El mar, sin embargo, ha tenido la última palabra. Un temporal de principios de 2017, con olas de hasta ocho metros, destrozó buena parte del pavimento de madera, y la reparación se completó en octubre de ese año con una inversión de 216.280 euros. Pero en enero de 2020 llegó la borrasca Gloria, con olas de hasta diez metros, que dejó la pasarela impracticable y cerrada al acceso público por problemas de seguridad. Desde entonces, el Ayuntamiento ha ido ajustando el proyecto de recuperación: el primer presupuesto era de 1,5 millones de euros y menos de dos años de obra; un estudio posterior de la UPC lo elevó a 2,3 millones y alargó los plazos hasta la segunda mitad de 2023. En el verano de 2022 se celebró una votación popular que definió el nuevo diseño como una estructura redonda con un agujero en el centro, pensada para aguantar mejor los temporales. El teniente de alcalde de Territorio y Sostenibilidad, Dani Gracia, señaló que solo quedaba el permiso del Ministerio para la Transición Ecológica y que, sin él, la obra podría aplazarse un año más, hasta 2026.

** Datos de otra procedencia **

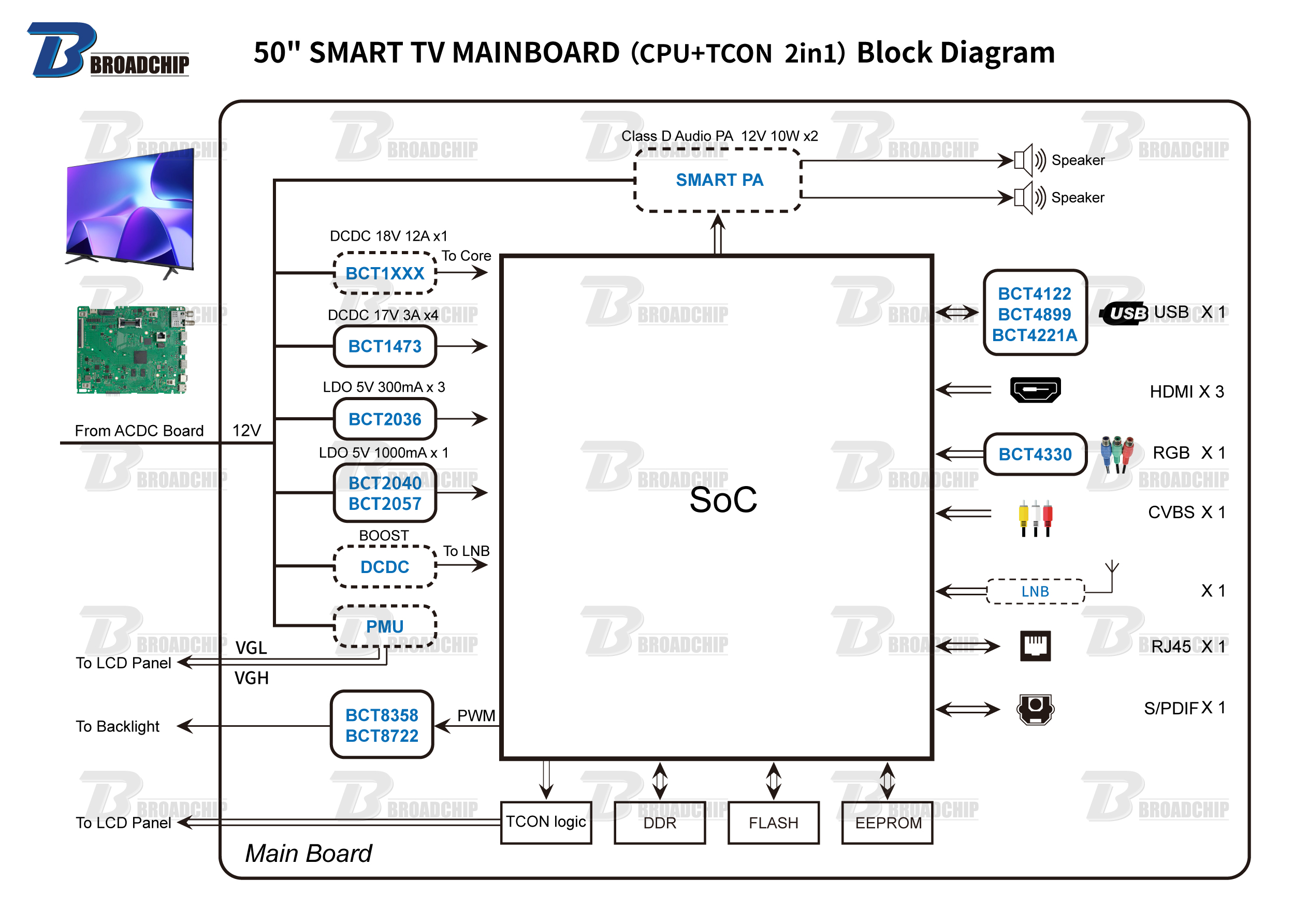 50'' SMART TV MAINBOARD (CPU+TCON 2in1)Block Diagram

Mientras el puente sigue cerrado, las playas urbanas funcionan. Son accesibles desde el centro y el litoral, y cuentan con una guía propia sobre servicios, estado del mar, accesibilidad, perros y planes de litoral. La Generalitat mantiene además una guía de identificación de medusas y organismos gelatinosos, con consejos de seguridad y el estado de las playas catalanas, actualizada al 30 de junio. El sistema de banderas es sencillo: verde para disfrutar del baño con mar tranquilo; amarilla para tener precaución ante olas de hasta 1,5 metros, corrientes medianamente fuertes, tormenta, suciedad, arena en mal estado o medusas; y roja cuando está prohibido bañarse por olas de dos metros o más, corrientes fuertes, mar muy agitado o agua y arena contaminadas.
Para quien planee acercarse este fin de semana, el pronóstico marca días soleados por la mañana que se vuelven variables por la tarde, con temperaturas máximas en torno a los 31 grados y el agua a unos 27. El viento sopla del este, con rachado por la noche, y el mar se mantiene en marejadilla pasando a marejada a mitad del día, con oleaje bajo y corto. Es un buen momento para caminar por la arena, aunque el mirador estrella siga esperando su turno.